The report estimates that helmet use saved $19.5 billion in economic costs between 1984 and 2002, and that an additional $14.8 billion could have been saved if everyone on a motorcycle had worn a helmet.

In 2007, the National Transportation Safety Board recommended that all states adopt universal helmet-use laws, but resistance is strong in many states, including Montana.

Billings motorcyclist Dick Russell, a stickler for safety, always wears a helmet and all recommended safety gear.
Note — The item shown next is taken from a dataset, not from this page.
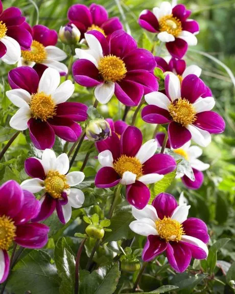 Це різновиди низьких сортів, розгалужених і компактних з махровими, напівподвійними або одиночними квітами, що ростуть до 60 см у висоту. Вони доступні для посадки у формі бульб, саджанців або насіння. Численні різновиди карликів з махровими або напівмахровими квітками популярні у вигляді насіннєвих сумішей, наприклад:

He’s taken motorcycle safety courses through Montana State University-Northern to augment his 40 years of experience.

About 20 years ago, he bounced his head on the pavement in a motorcycle crash that cracked his helmet.

“That probably could have had a way different outcome without it,” he said.

But Russell, like many Montanans, remains ambivalent about putting mandatory helmet use in the law.

“If I had to vote on it, I would probably vote no,” he said. “Do I think it’s smarter to wear a helmet? Probably yes.”